» EXERCISE: Leave the pictures out and write out exactly the lines from the top of the entries through the line containing "With this Retro".

» THE RECORDS:
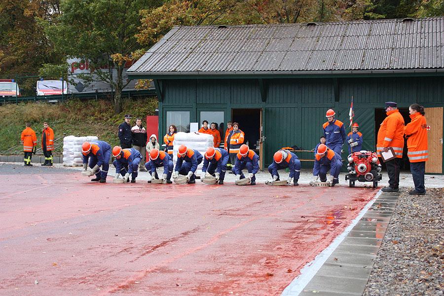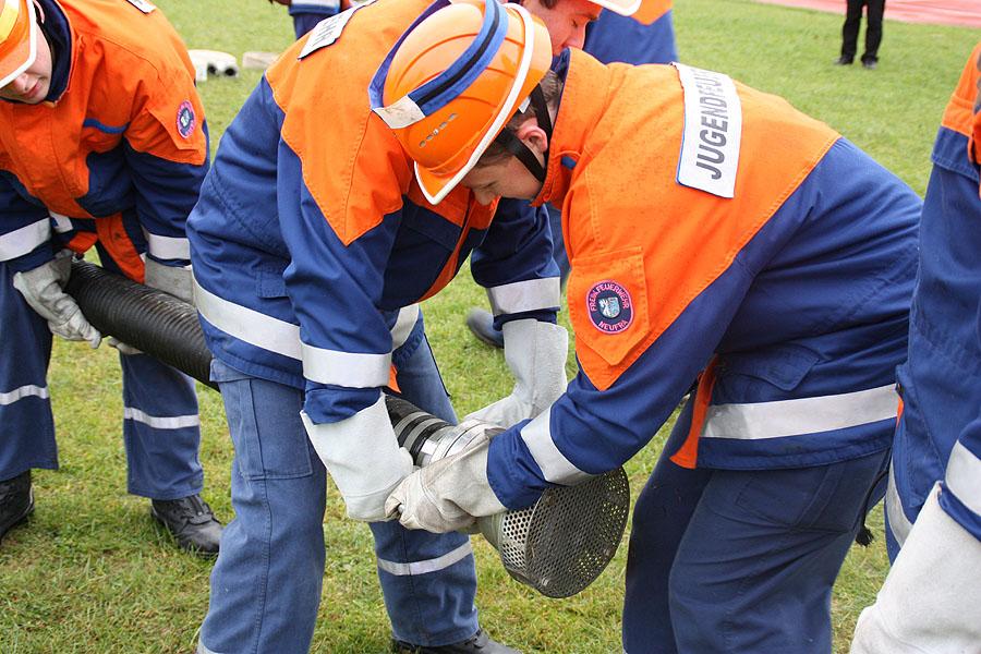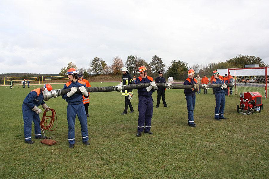 Bei der sicherlich schwierigsten Aufgabe, der Schnelligkeitsübung, geht es darum, zu neunt acht Schläuche von je 15 m Länge in weniger 75 Sekunden ohne Verdrehung der Schlauchleitung zu verlegen. Der zweite sportliche Teil besteht aus einem Staffellauf über 1500 m, bei dem es den Jugendlichen freigestellt ist, wer wie weit läuft. Wichtig ist nur, dass das Staffelholz spätestens nach 4:10 min die Ziellinie erreicht hat.
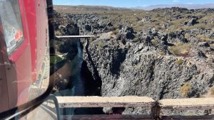 Über eine bröselige Brücke überqueren wir eine tiefe, enge Schlucht
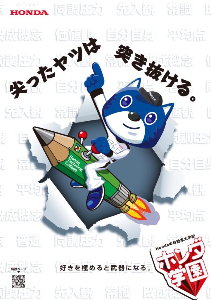 2023年のホンダテクニカルカレッジ関西のプロモーション用ポスター第1弾として、マスコットキャラクターを新規制作し、マスメディアで訴求していきます。
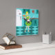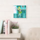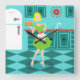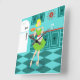 With this Retro Kitchen Acrylic Wall Clock, you can have your pie and eat it, too. This kitschy, minimalist art drawing features a perfect 1950's housewife, in her mid century modern kitchen. The beautiful baker is wearing a flouncy, green dress and a white apron with red detailing. Not a hair on her blonde head is out of place. In one hand, she is holding the fruit of her labour--a gorgeous, lattice topped, fruit pie. One glance and you'll know that her flaky pie crusts are second to none. She is standing on an aqua and teal chequerboard floor, which is undoubtedly clean enough to eat off of. Against an aqua wall, we see teal cabinetry with aqua trim work, a red countertop, red drawer pulls, and black starburst accents. A red, starburst clock is hanging on the wall. To the side, there is a state of the art, white refrigerator with silver handles. At least, the fridge was state of the art in 1950's. Now, it's just plain dreamy! Whether you're Suzie Homemaker or simply have an affinity for all things vintage, you're sure to love this scrumptious slice of Americana.
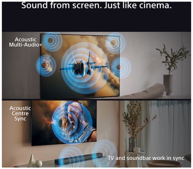 Denne TVen gir deg flerdimensjonal lyd fra forskjellige retninger ved å bruke fantomhøyttalere skapt av 360 Spatial Sound Mapping i samspill med Dolby Atmos. Den har også to oppover-pekende strålediskanthøyttalere som larlyden komme rett fra skjermen.Acoustic Center Sync gjør TVen til et naturllig midtpunktet for lydanlegget ditt, slik at du kan på enkelt vis administrere alle dine lydenheter.
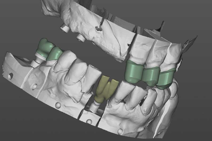 Stand in der Vergangenheit bei der Erstellung von Zahnersatz noch das Handwerk im Vordergrund, so verdrängen zunehmend digitale Workflows altbewährte handwerkliche Arbeitsprozesse. Wie funktioniert das? Zunächst wird die Mundsituation des Patienten in Form von dreidimensionalen Bildern digital erfasst, in einem Konstruktionsprogramm zur Bearbeitung gespeichert und dann auf den Computerbildschirm projiziert (siehe Bild rechts). So wird die Konstruktion von zahntechnischen Bauteilen, Baugruppen und Hilfsmitteln ermöglicht. Abgespeichert werden diese Daten als sogenannte „STL-Files“ (Surface Tesselation Language).
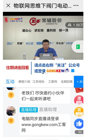 江蘇省閥門工業(yè)協(xié)會與“工客網(wǎng)-閥門之家”聯(lián)合定于6月29日下午13:30--15:00走進(jìn)常州電站輔機(jī)股份有限公司,進(jìn)行了第五講現(xiàn)場直播,由該公司技術(shù)部經(jīng)理、高級工程師邵杰主講《物聯(lián)網(wǎng)思維下閥門電動裝置的應(yīng)用》主要介紹物聯(lián)網(wǎng)下閥門電裝應(yīng)用相關(guān)內(nèi)容,閥門行業(yè)內(nèi)外人士進(jìn)入組織了收聽收看!收看人數(shù)達(dá)2萬多,再次獲得了成功!
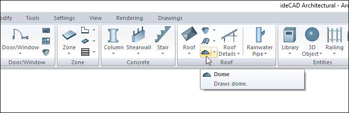 Domes of concrete design are created with the dome command.
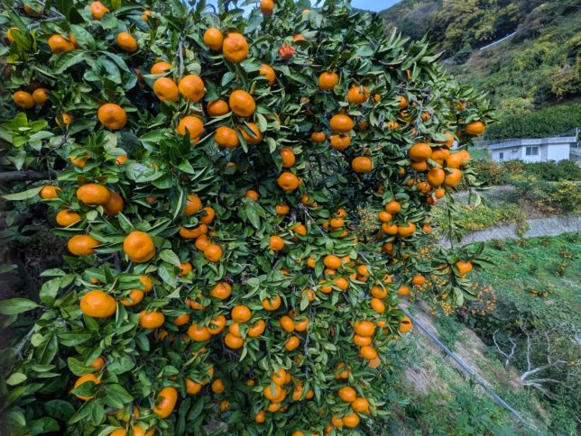 寒風が吹くなか、ミカン採り六人で頑張って夕方までにこの園地終了。明日が最後の園地になる。城川から来てくれている二人が、明日雪になってこれなくなるのが心配だ。
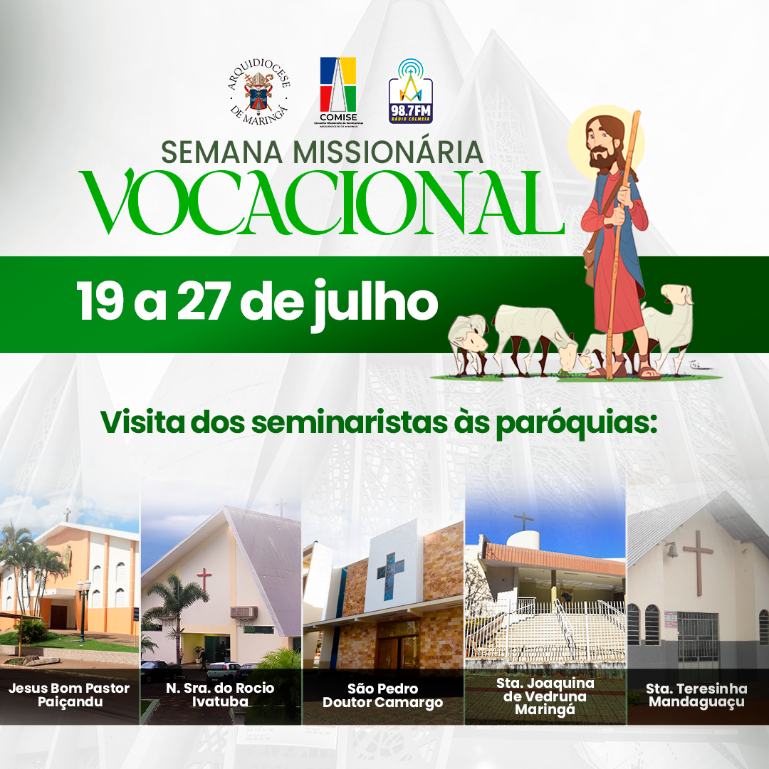 Entre os dias 19 e 27 de julho de 2025, nossos seminaristas realizarão a Semana Missionária Vocacional em cinco paróquias da Arquidiocese de Maringá. Durante esse período, eles participarão de encontros nas comunidades paroquiais, como momentos com jovens, catequese, farão visitas aos doentes, celebrações em comunidades e condomínios, além de ações missionárias em repartições públicas.

» EXERCISE SOLUTION:
 Bei der sicherlich schwierigsten Aufgabe, der Schnelligkeitsübung, geht es darum, zu neunt acht Schläuche von je 15 m Länge in weniger 75 Sekunden ohne Verdrehung der Schlauchleitung zu verlegen. Der zweite sportliche Teil besteht aus einem Staffellauf über 1500 m, bei dem es den Jugendlichen freigestellt ist, wer wie weit läuft. Wichtig ist nur, dass das Staffelholz spätestens nach 4:10 min die Ziellinie erreicht hat.
 Über eine bröselige Brücke überqueren wir eine tiefe, enge Schlucht
 2023年のホンダテクニカルカレッジ関西のプロモーション用ポスター第1弾として、マスコットキャラクターを新規制作し、マスメディアで訴求していきます。
 With this Retro Kitchen Acrylic Wall Clock, you can have your pie and eat it, too. This kitschy, minimalist art drawing features a perfect 1950's housewife, in her mid century modern kitchen. The beautiful baker is wearing a flouncy, green dress and a white apron with red detailing. Not a hair on her blonde head is out of place. In one hand, she is holding the fruit of her labour--a gorgeous, lattice topped, fruit pie. One glance and you'll know that her flaky pie crusts are second to none. She is standing on an aqua and teal chequerboard floor, which is undoubtedly clean enough to eat off of. Against an aqua wall, we see teal cabinetry with aqua trim work, a red countertop, red drawer pulls, and black starburst accents. A red, starburst clock is hanging on the wall. To the side, there is a state of the art, white refrigerator with silver handles. At least, the fridge was state of the art in 1950's. Now, it's just plain dreamy! Whether you're Suzie Homemaker or simply have an affinity for all things vintage, you're sure to love this scrumptious slice of Americana.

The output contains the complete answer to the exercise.